It will be like no other FTSE 100 company. Privatised by the Kazakhstan government in stages after 1992, the company has 16 copper mines across three regions of the country. For those of you too embarrassed to ask, Kazakhstan sits directly below Russia, covering an area the size of Western Europe, and sharing a significant border with the copper-guzzling industrialising nation that is China. Kazakhstan is oil rich, mineral rich, and one day will actually be rich.

For now, it is among the lowest-cost places to mine. Kazakhmys is investing in new mining capacity and is expected to boost copper production by 50 per cent over eight years, while its strong balance sheet and currently good relations with the government should mean opportunistic acquisitions on top of this.

The list of risks should put most people off. Mining is dangerous, and production can be lost due to accidents or technical difficulties. Kazakhmys cannot go on with so high an accident rate, where 30-odd fatalities a year are leading to spiralling compensation costs.

Kazakhstan, despite having been spared the ethnic violence of other countries in this region, is still a flawed democracy whose privatisations are widely resented. Governments can act capriciously with regard to mining rights and taxes.

And then there is the copper price, at a record high (hence the share price surge since flotation) but commodities experts are split on when the extra mining capacity will catch up with the demand from China. It is worth betting that analysts will prove conservative in their assumptions on the copper price for several years yet, but remember it is a bet. At least the company's low costs mean it will not suffer as much as rivals if there is a sustained fall.

Kazakhmys is paying a market-average dividend, which also mitigates some of the risks. For long-term, risk-hungry investors with cash to spare, buy.

Keep hold of Persimmon as the builder joins FTSE 100

The second company confirmed as a new member of the FTSE 100 from the end of next week is Persimmon, which will become the UK's biggest housebuilder by number of homes sold when it consummates the £643m acquisition of Westbury.
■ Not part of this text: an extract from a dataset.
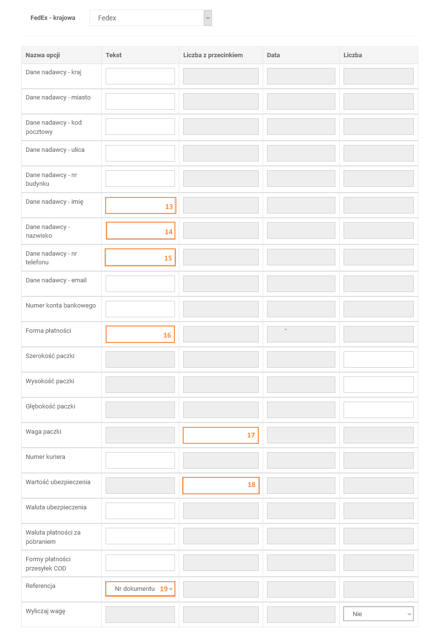 ShipmentTask > Edycja FedEx Formy płatności 16 Typ płat. 14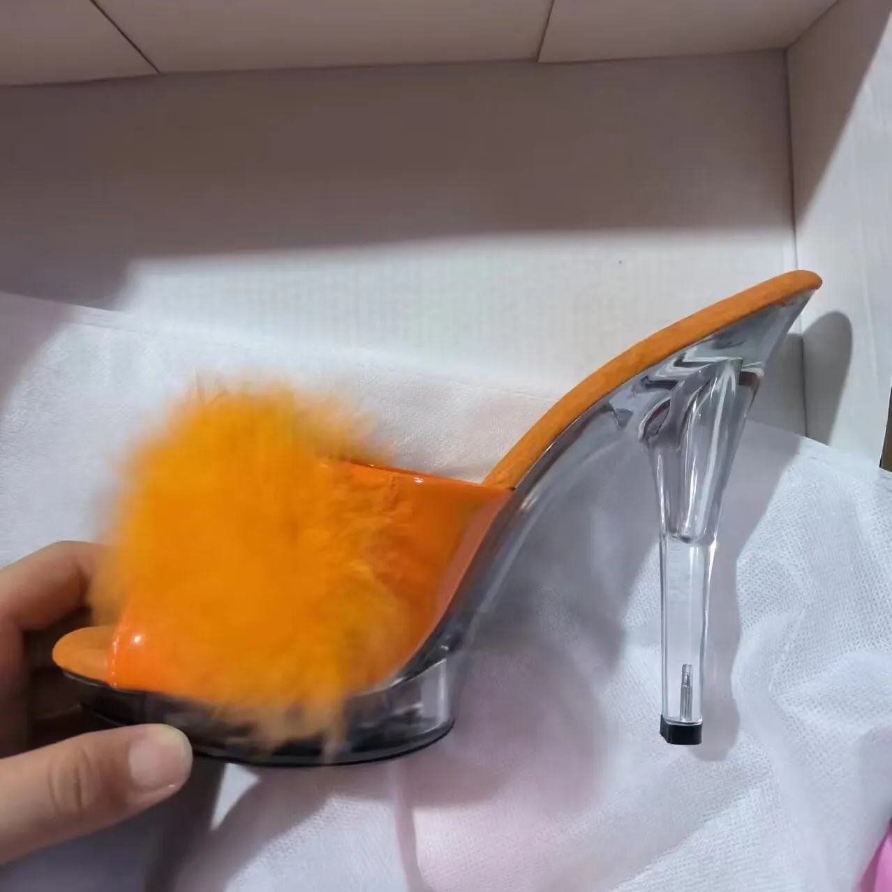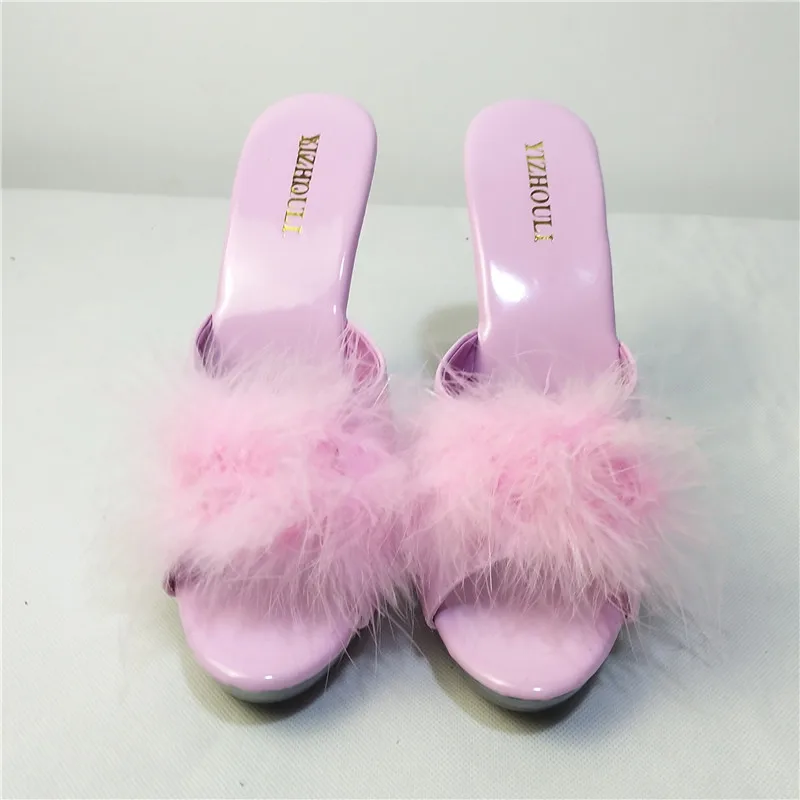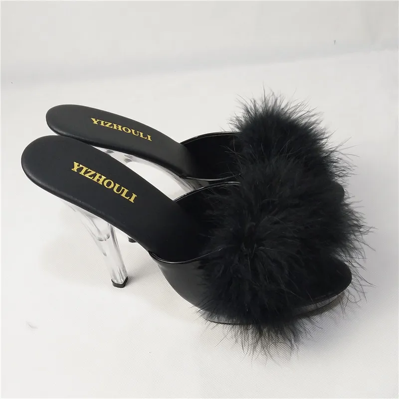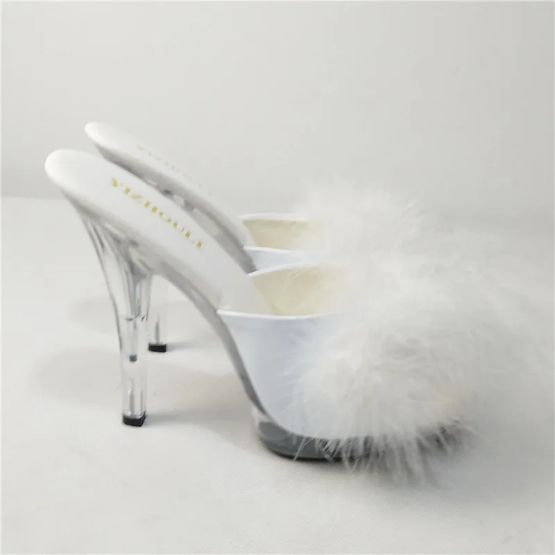 High Heels 13CM Stripper Shoes Plump Feathered Crystal Shoes Hot Sexy Platform Women's Sandals

Thanks to the surge in its share price prompted by the deal, it is already streets ahead of Barratt Developments as the biggest housebuilder by market value, weighing in at £3.36bn.

Housebuilders' shares have been climbing all year, despite the fact that house price inflation has been moderating, meaning companies can no longer expect the same fat profit margin from turning the land they bought four years ago into the latest fast-selling residential development. What seems to be becoming clear, is that the UK is avoiding a housing crash and the housebuilding sector is going to avoid the company bankruptcies of the last cycle. Meanwhile, the instruction coming through from the Government is: for pity's sake, build more homes. That can only be good for the long-term health of the most robust companies, of which Persimmon is one.

The acquisition of Westbury is just a cheap land deal for Persimmon. It paid a 35 per cent premium to value of the assets in Westbury's books, but that valuation will be out of date. The combined company, with cost savings of £40m and an opportunity to focus in the next few years on the most lucrative developments planned by both sides, ought to pay down Persimmon's additional debt quickly.

Persimmon is one of the most diverse of the housebuilders, both geographically and by type of home. But it has avoided too high a concentration on city apartment blocks, where the market appears rickety.

Big dividend increases in recent years have ensured that the yield on the stock has not been whittled away by the share price surge, although it remains a below-par 2.8 per cent. The risesat least signal confidence in the sustainability of the business beyond the current rocky period, and the market may yet learn to value housebuilders against their earnings rather than their assets - i.e., more highly. We said buy at 840p in August. Now 1,139.5p, hold.